Integrate with Affinda's document AI API to extract structured data from documents (invoices, resumes, receipts, contracts, and custom types). Covers authentication, client libraries (Python, TypeScript), structured outputs with Pydantic models and TypeScript interfaces, webhooks, upload patterns, and the full documentation map. Use when building integrations that parse, classify, or extract data from documents using Affinda.

install
source · Clone the upstream repo
git clone https://github.com/NeverSight/learn-skills.dev
Claude Code · Install into ~/.claude/skills/
T=$(mktemp -d) && git clone --depth=1 https://github.com/NeverSight/learn-skills.dev "$T" && mkdir -p ~/.claude/skills && cp -r "$T/data/skills-md/affinda/skills/affinda" ~/.claude/skills/neversight-learn-skills-dev-affinda && rm -rf "$T"
manifest: data/skills-md/affinda/skills/affinda/SKILL.md
source content

Affinda — AI Document Processing Platform

Affinda extracts structured data from documents (invoices, resumes, receipts, contracts, and any custom document type) using machine learning. The API turns uploaded files into clean JSON. Over 250 million documents processed for 500+ organisations in 40 countries.
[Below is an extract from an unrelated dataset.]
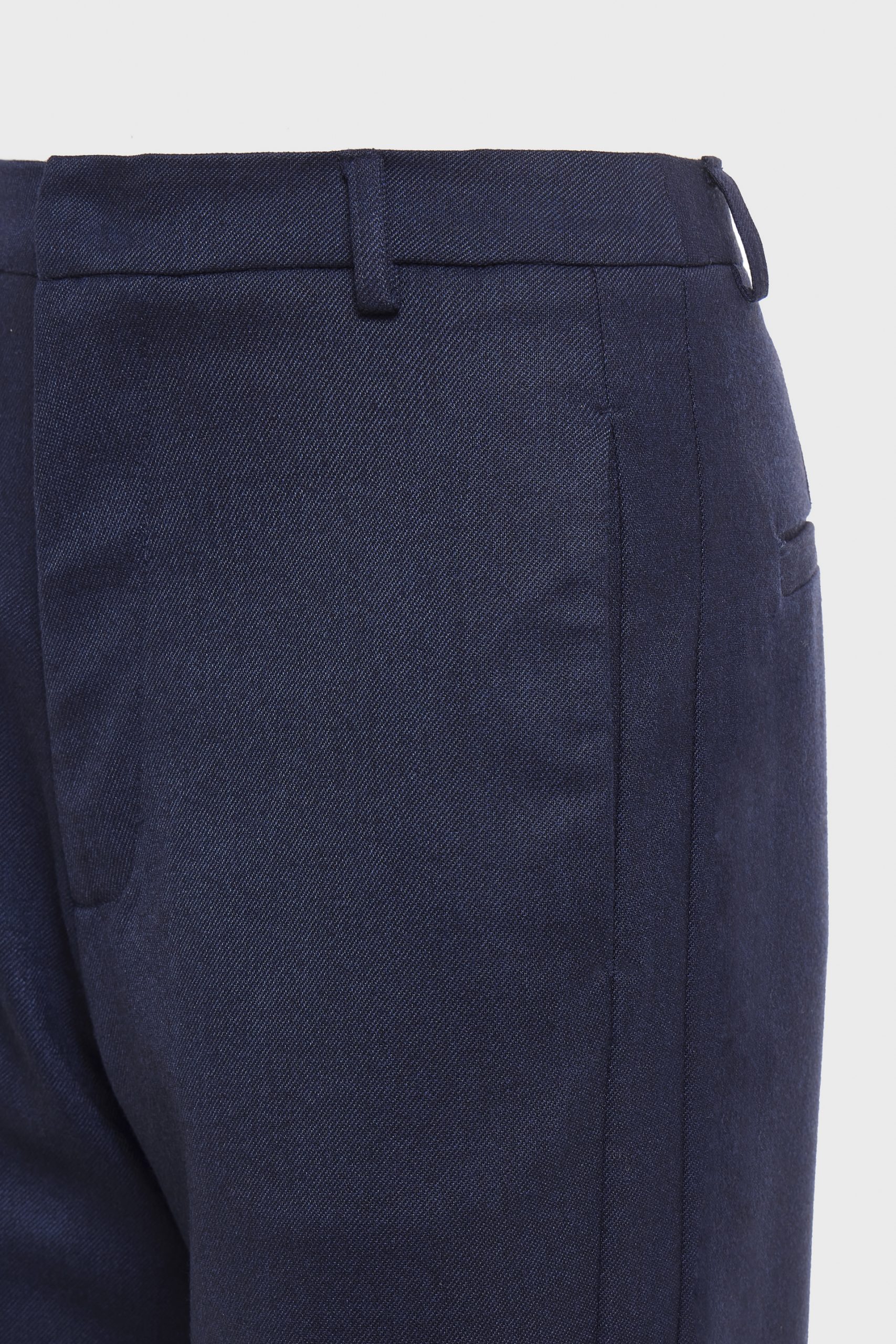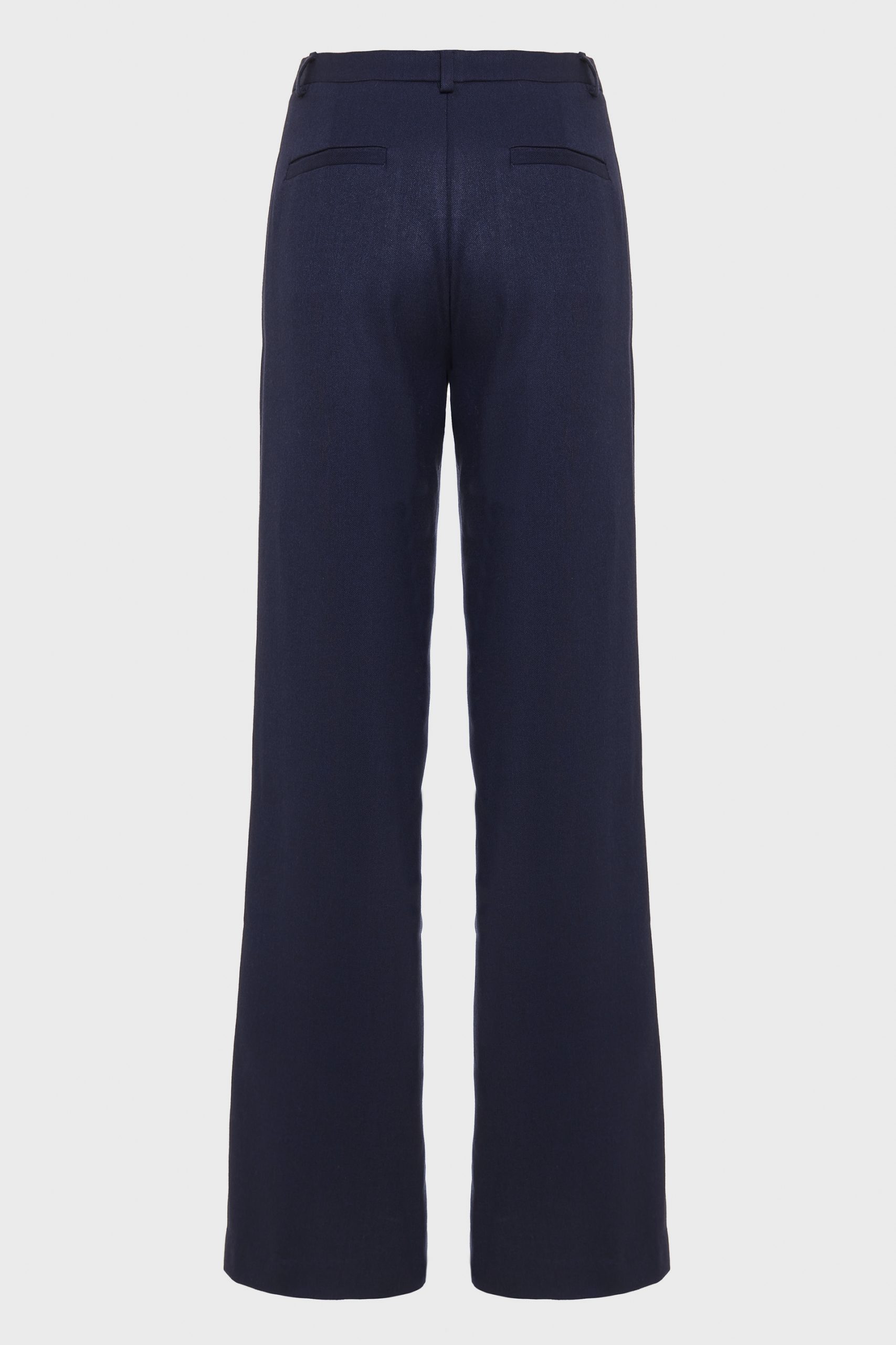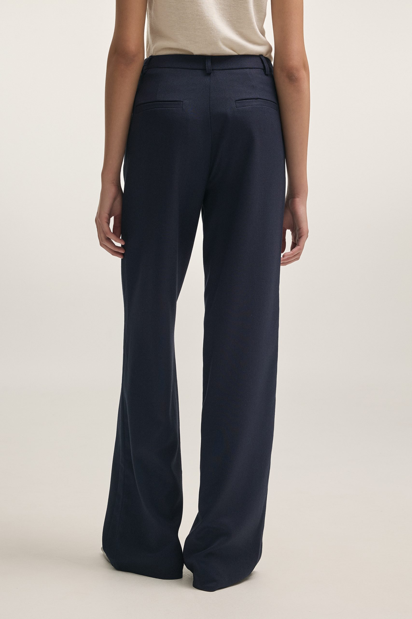 Tailored high-waisted trousers crafted from diagonal weave fabric. Designed with a straight-leg silhouette for a clean and refined look, featuring discreet side pockets and back welt details. Available in brown and navy for a polished, coordinated ensemble.

Full documentation: https://docs.affinda.com OpenAPI spec: https://api.affinda.com/static/v3/api_spec.yaml Support: support@affinda.com


Core Concepts

ConceptDescription
OrganizationTop-level account. Contains users, billing, document types, and workspaces.
WorkspaceLogical container for documents. Scopes permissions, webhooks, and processing settings.
Document TypeA model configuration defining how a specific kind of document is parsed (invoice, resume, custom).
DocumentAn uploaded file (PDF, image, DOCX, etc.) plus its extracted data and metadata.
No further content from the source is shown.